1. Supply chains are improving, offering the ability to produce more. It’s extremely unusual to have improving supply chains into a tightening environment which is among many differences in our times compared to the human tendency to look for past parallels.

2. To meet higher production, adding variable costs may be preferred over fixed costs in terms of sourcing inputs to produce more amid all of the uncertainty. It’s easier to adjust VCs than getting stuck with fixed depreciation and interest charges.

3. Productivity is weaker than in 2019 in absolute terms. Employers may feel they need to hire more workers to produce an hour's worth of output than they would have had to hire in 2019 to do the same. In short, hire more folks to make up for some of the slackers!

4. There are still massive job vacancies in sectors that couldn't hire anyone in the past and now can. I don’t buy Macklem’s line about falling vacancies as the decline is a rounding error with still nearly 1 million job openings in Canada.

5. I’m really not sure about the effects of immigration. It’s not showing up in 'traditional' sectors (prof/sci/tech or trades or self-employed) as much as elsewhere. Plus there tend to be integration lags.

6. There is probably ongoing labour hording. Companies that release talent in this environment can just simply wave buh-bye as they go to the competition and permanently handicap organizations.
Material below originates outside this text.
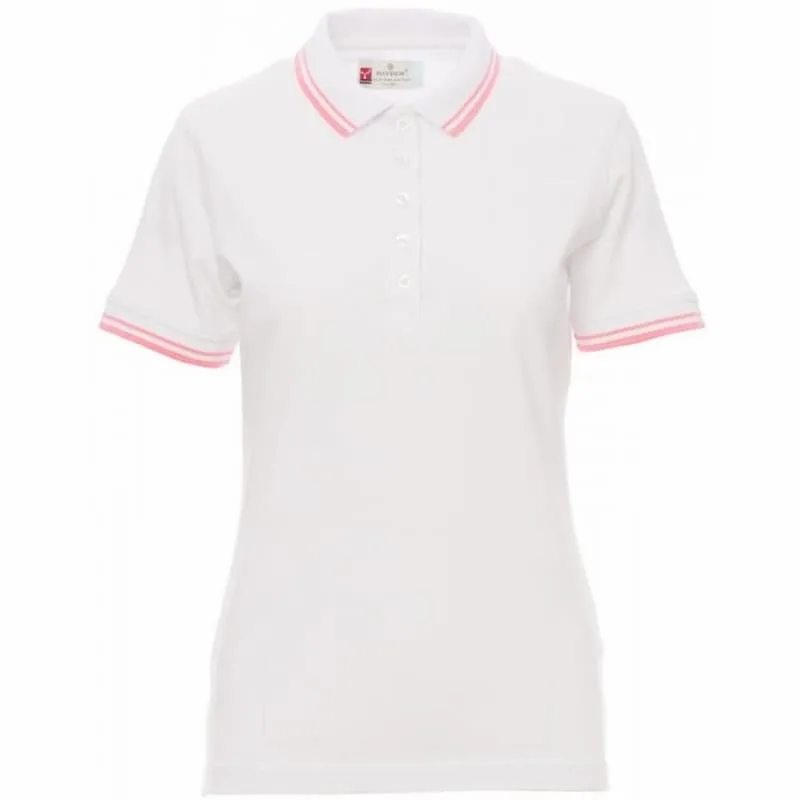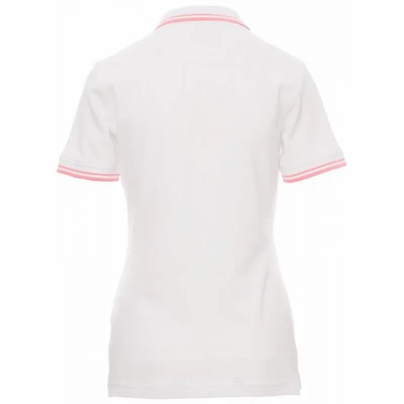 Camisa polo de manga curta de mulher cintada com 5 botões brancos, colarinho contrastante e adorno na manga, borda da manga e colarinho de canelado, respiradouros laterais com costuras reforçadas, costura do colarinho oculta, tira de reforço lateral, costuras elásticas, fita tapa-costura na gola.

I’m of the strong belief that companies need to be super careful that excessive restructuring winds up harming their revenues and competitiveness in this environment.

7. And of course there are the fundamental supports via the terms of trade, excellent corporate balance sheet fundamentals, manageable inventories that if anything need to go higher on an I:S ratio basis, and fiscal supports. Plus I’m still of the belief that there is way too much negativity toward the household sector in Canada.
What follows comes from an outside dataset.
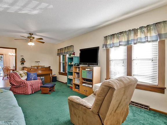 Nice 2-bedroom ranch - move-in ready condition! Living room is very roomy - 22' x 12'. Large eat-in kitchen and appliances stay! Conveniently located laundry - great feature. Huge 20' long master bedroom offers space for reading nook or computer/desk area. Newly painted second bedroom completes the main floor. Full basement offers 2 more completely finished rooms - play room or office and plenty of room for guests. There is also a partially finished area - 37' x 12'. Sellers have really enjoyed the basement space! There is a nice newly-stained deck right off the kitchen area. Oversized detached 2-car garage also. Small town living - just minutes away from Wichita. NEW ROOF COMING SOON!!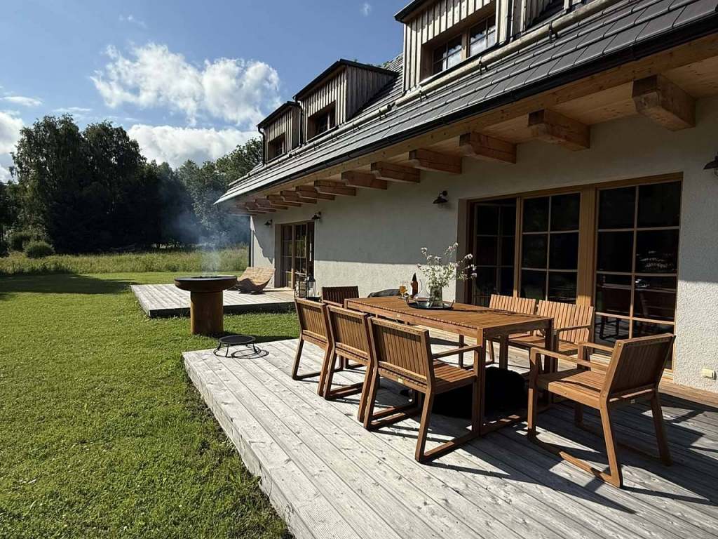 Luxusní chalupa Výtoň 263 u Lipna – klid, komfort a příroda v dokonalé rovnováze. Dopřejte si jedinečný pobyt v nově postavené luxusní chalupě pro až 18 osob, ukryté na samotě u lesa, přesto jen pár minut od břehu Lipna a centra Přední Výtoně. Místo, kde se snoubí naprostý klid, čistá příroda a moderní pohodlí. Chalupa je rozdělena na dva samostatné designové apartmány, každý s vlastní plně vybavenou kuchyní, dvěma koupelnami, třemi ložnicemi, útulným podkrovím a přímým vstupem na terasu se zahradou. Každý apartmán má navíc privátní saunu, stylový interiér s prvky dřeva a jeden z nich i krbová kamna, druhý pak relaxační čtecí kout s TV. Chalupa je ideální pro rodiny, skupiny přátel i menší firemní akce či komorní svatební obřady. Samozřejmostí je Wi - Fi připojení, terasa s grilem, kvalitní kávovar, luxusní lůžkoviny a dostatek soukromí pro všechny hosty. Parkování je k dispozici přímo u objektu. V okolí najdete množství možností pro turistiku, cyklistiku, vodní sporty, běžky, lyžování i relaxaci – od Lipenské přehrady přes stezku korunami stromů až po Šumavu.

8. Another explanation I've been using is the economic necessity angle. In other words, we have more people being drawn into the workforce and going back to work if they have that as an option in their households and given pressures on finances. They are filling vacancies out of necessity which eases the shock to finances. In other cases, higher wages may be driving a pull factor even though that stumbled a bit that last couple of months.